SOURCE MATERIAL:
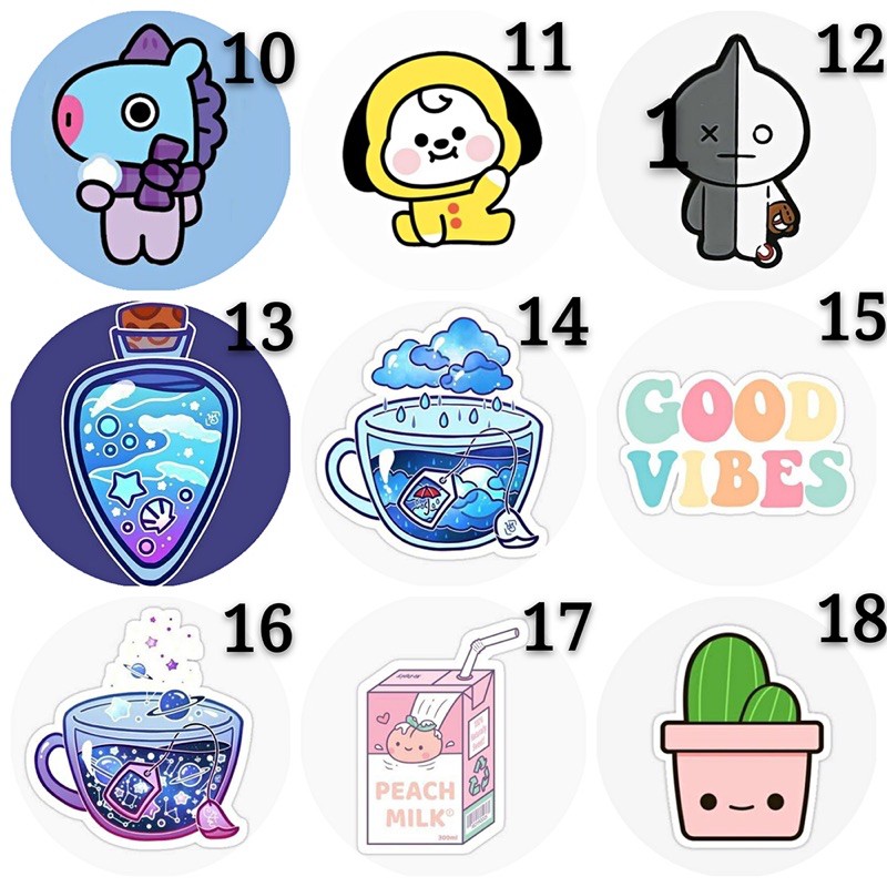 Produk= sticker bt21 dan varian lainnya size= 5x5 (bentuk bulat)
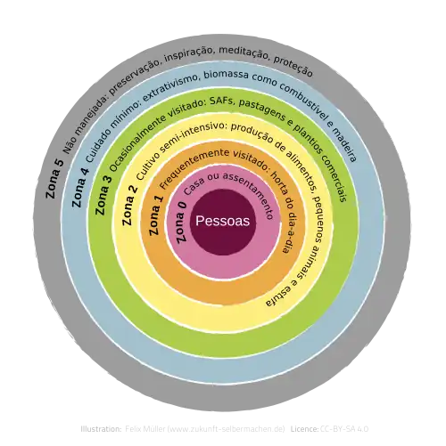 Enfim, a zona cinco é a que não requer nenhum manejo, por ser composta por áreas naturais ou regeneradas e florestas nativas, que servirão de inspiração para o permacultor de como funciona a natureza nesse lugar[1][27][30].
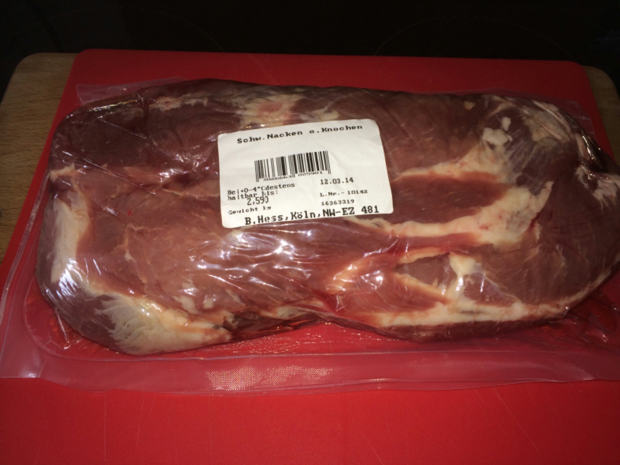 Begonnen hat alles gestern in der Fegro in Hilden. Ich stand in der Fleisch Abteilung und und konnte einfach nicht wiederstehen mir ein kleines Paket Schweine Nacken in den ergonomisch geformten Einkaufswagen des Hauses zu verfrachten.
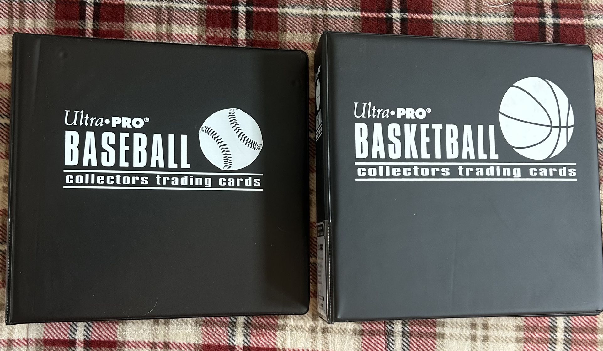 (2) Ultra Pro 3” Baseball and Basketball High Quality Padded Card Albums - Hi Stamp Foil on Black Cover - Reinforced 3@ D Ring with booster for a quick loading of pages - Rated two withstand 10°F for a cold cracking - Indexing slot on the spine for easy organization

PROMPT:
Please repeat the data verbatim and leave the pictures out of your copy.

SOLVED PROBLEM:
 Produk= sticker bt21 dan varian lainnya size= 5x5 (bentuk bulat)
 Enfim, a zona cinco é a que não requer nenhum manejo, por ser composta por áreas naturais ou regeneradas e florestas nativas, que servirão de inspiração para o permacultor de como funciona a natureza nesse lugar[1][27][30].
 Begonnen hat alles gestern in der Fegro in Hilden. Ich stand in der Fleisch Abteilung und und konnte einfach nicht wiederstehen mir ein kleines Paket Schweine Nacken in den ergonomisch geformten Einkaufswagen des Hauses zu verfrachten.
 (2) Ultra Pro 3” Baseball and Basketball High Quality Padded Card Albums - Hi Stamp Foil on Black Cover - Reinforced 3@ D Ring with booster for a quick loading of pages - Rated two withstand 10°F for a cold cracking - Indexing slot on the spine for easy organization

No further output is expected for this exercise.